Brian Nolan has been Professor of Social Policy at the Department of Social Policy and Intervention, Director of INET’s Employment, Equity and Growth Programme, and Senior Research Fellow at Nuffield College Oxford since 2014. He was previously Principal of the College of Human Sciences and Professor of Public Policy at University College Dublin. He is an economist by training, with a doctorate from the London School of Economics and Political Science, and his main areas of research are income inequality, poverty, and the economics of social policy.

He has been centrally involved in a range of collaborative cross-country research networks and projects, including the Growing Inequalities’ Impacts (GINI) multi-country research project on inequalities and their impacts. He co-edited The Handbook of Economic Inequality (2008), The Great Recession and the Distribution of Household Income (2013), Changing Inequalities in Rich Countries: Analytical and Comparative Perspectives (2014), Changing Inequalities and Societal Impacts in Rich Countries: Thirty Countries’ Experiences (2014), and Children of Austerity: The Impact of the Great Recession on Child Poverty in Rich Countries (2017), and with Christopher T. Whelan co-authored Poverty and Deprivation in Europe (2011), all published by Oxford University Press. 

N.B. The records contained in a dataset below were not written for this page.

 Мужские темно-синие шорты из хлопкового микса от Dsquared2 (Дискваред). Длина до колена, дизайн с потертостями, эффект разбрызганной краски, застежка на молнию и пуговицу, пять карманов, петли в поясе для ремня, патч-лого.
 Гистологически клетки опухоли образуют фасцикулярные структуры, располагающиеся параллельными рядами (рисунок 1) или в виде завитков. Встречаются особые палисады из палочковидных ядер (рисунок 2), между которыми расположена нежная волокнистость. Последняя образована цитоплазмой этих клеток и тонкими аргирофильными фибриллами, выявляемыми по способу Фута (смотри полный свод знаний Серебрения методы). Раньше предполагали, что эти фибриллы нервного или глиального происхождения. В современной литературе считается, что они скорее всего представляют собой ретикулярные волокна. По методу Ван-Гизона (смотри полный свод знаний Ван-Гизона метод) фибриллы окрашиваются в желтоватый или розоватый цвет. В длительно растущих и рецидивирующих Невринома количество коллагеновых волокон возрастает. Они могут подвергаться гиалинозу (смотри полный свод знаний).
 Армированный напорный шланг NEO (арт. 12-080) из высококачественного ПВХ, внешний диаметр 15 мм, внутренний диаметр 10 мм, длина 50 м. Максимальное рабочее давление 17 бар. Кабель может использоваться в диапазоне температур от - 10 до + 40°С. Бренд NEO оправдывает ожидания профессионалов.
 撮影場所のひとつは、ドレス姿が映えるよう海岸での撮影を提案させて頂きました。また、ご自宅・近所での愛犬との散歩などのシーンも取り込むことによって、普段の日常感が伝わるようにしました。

The research programme on economic inequality he directs at the Department of Social Policy and Intervention and the Institute for New Economic Thinking was initially established as the Employment, Equity and Growth programme supported by the Resolution Foundation from 2014-18. The main findings were brought together in two volumes he edited published by Oxford University Press in 2018: Inequality and Inclusive Growth in Rich Countries: Shared Challenges and Contrasting Fortunes and Generating Prosperity for Working Families in Rich Countries.

He directed the Oxford Martin Programme on Inequality and Prosperity from 2016-21 supported by Citi as part of its research partnership with the Oxford Martin School. This focused on the drivers of inequality and how best to address it and promote inclusive growth, and also investigated a range of related topics. 

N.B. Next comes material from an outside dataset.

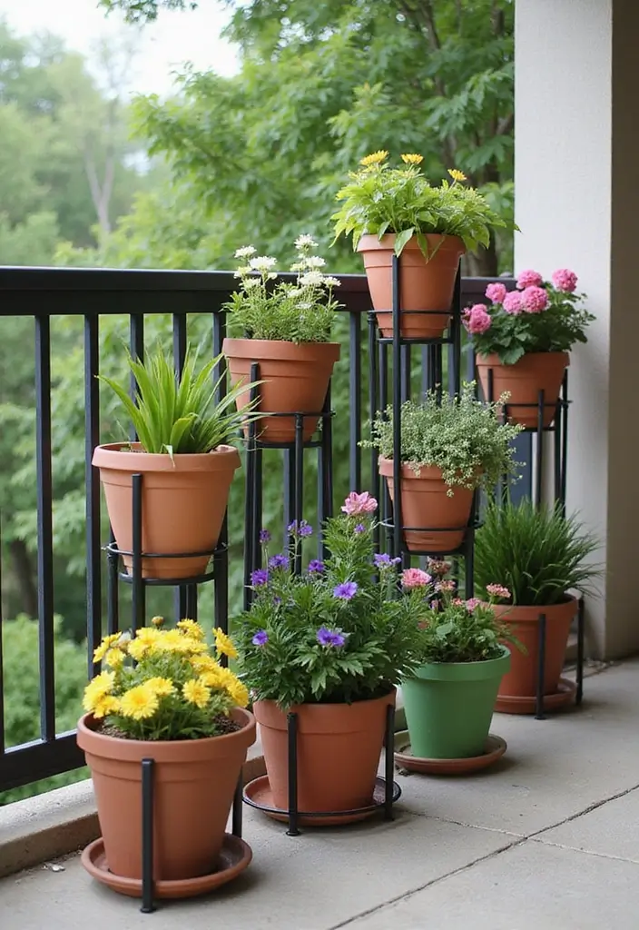 Picture a row of these pots, each showcasing a different bloom, creating a stunning visual display. As seen on Pinterest, this style is trending for its ability to elevate any balcony decor.

He was also principal investigator on a project funded by the Nuffield Foundation from 2017-19 on the intergenerational transmission of family wealth. 

His research programme is currently funded primarily through a 6-year Synergy Grant from the European Research Council for Towards Distributional National Accounts (ERC grant 856455 DINA), in collaboration with Thomas Piketty (Paris School of Economics) and Emmanuel Saez (University of California-Berkeley).  

Starting in 2020, the central aim is to build bridges between distributional data available from micro sources and national accounts aggregates to provide estimates of the distribution of income and wealth using concepts that are consistent with the macroeconomic national accounts. The Oxford team are also investigating related topics including implications for the measurement and role of redistribution by the State, the intergenerational transmission of income, wealth, poverty and social class, ‘correcting’ surveys for missing income and wealth, inequality and social status, economic inequality (including unemployment) and political behaviour, and the interactions between demographic patterns/trends and income and wealth inequality. 

 

Research

Current research is focusing on distributional estimates consistent with the macroeconomic national accounts, the measurement and role of redistribution by the State, the intergenerational transmission of income, wealth, poverty and social class, ‘correcting’ surveys for missing income and wealth, the relationship between inequality and social status, economic inequality (including unemployment) and political behaviour, and the interactions between demographic patterns/trends and income and wealth inequality.